INFIDELITY PROBLEMS
Infidelity or adultery?
According to the Diccionario de la Lengua Española (Espasa-Calpe, 2005) the word Infidelidad means "lack of loyalty", i.e. "lack of nobility, trust, frankness, honesty".
Infidelity is related to treachery, falsehood, deceit, ingratitude or vileness.
Adultery, on the other hand, means "sexual intercourse of a married person with a person other than his or her spouse" and is related to "lack of legitimacy", i.e. conformity and conformity to established law.
Although the two are used interchangeably, they do not mean the same thing. While infidelity refers to a matter of loyalty, trust, adultery refers more to a matter of law.
What is Infidelity?
As mentioned above, infidelity refers to a lack of loyalty, nobility, trust, openness and honesty. It is the breaking of the affective and sexual pact you have with your partner.
Therefore, infidelity does not necessarily have to be sexual, but one can feel betrayed by one's spouse's work, hobbies, or friends. However, we will focus on sexual infidelity.
In question, infidelity is the lack of honesty in a couple. It is the feeling of betrayal of a pact or commitment that can break the relationship.
Covenants in the couple
Covenants refer to contracts established by couples and should be made with reflection, flexibility and free will of both partners and not by imposed tradition. They are there to serve us and not to turn us into their servants as Montserrat Calvo says in her book "Sexualidad Atlética o Erotismo".
Covenants have to be based on respect for each member's right to have thoughts, wishes, opinions and feelings that are different from our own.
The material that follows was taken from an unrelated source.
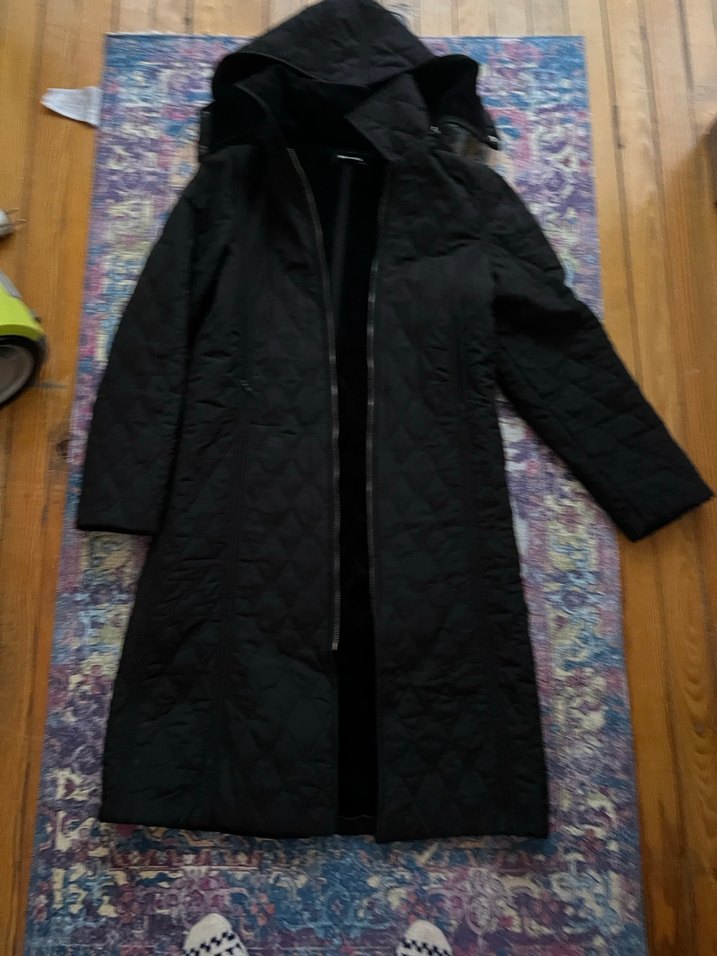 Bu siyah, kapüşonlu kadın mont uzun kesim, fermuarlı ve yaka detaylıdır. Uzun kollu ve yumuşak, rahat kumaştan üretilmiştir.

There are basically two types of covenants:
- a- Monogamy or Polygamy
Monogamy is defined as a conjugal relationship between two persons; polygamy is defined as a conjugal relationship between several persons. - b- Sexual exclusivity or sexual variety
In addition to deciding between monogamous and polygamous relationships, you can choose between sexual exclusivity and non-sexual exclusivity. That is, to be able to have sexual relations outside the relationship. These relationships are called open, while exclusive relationships are called closed.
From a psycho-emotional point of view we could say that in the human being there is a strong desire to create a unique and exclusive bond with a few people, and another antagonistic desire, which is that of curiosity and exploring the diversity of life, as Alberoni tells us in his book "Sex and Love". The former drives us to create lasting bonds, a sense of possession and jealousy; the latter, to explore, experiment, curiosity and promiscuity.
Falling in love is the only stage where both desires converge. Subsequently, the relationship shifts between being closer and seeking variety. In seasons one predominates more than the other.
Subsequent to falling in love, covenants in the couple may determine to what degree and in what way we satisfy the desire for variety.
Frequency of Infidelity
Infidelity seems to be very frequently present in couples. It is estimated that 50% of couples have had an unfaithful relationship in their lifetime. The frequency is similar in both sexes.
Causes of infidelity
There are basically four reasons that can lead to infidelity:
- Monotony and boredom in the couple or in their personal life that leads the person to search for new sensations.
- Dissatisfaction with the partner and the search for "temporary solutions" that serve to cover up the shortcomings of the relationship.
- A way of taking revenge on the partner and hurting him or her.
- A way of leaving a partner, looking for a substitute to take the step.
What to do to overcome infidelity?
The first thing to keep in mind is that it takes time to regain trust in your partner, accept the situation and distance yourself. Secondly, review the reasons that led to the unfaithful behaviour. Thirdly, to look for solutions and alternatives. And finally, to establish new pacts that allow the couple to grow from a new understanding.
An infidelity does not have to be the reason for the destruction of a couple, as it can bring a new dimension to the couple that has not yet been explored.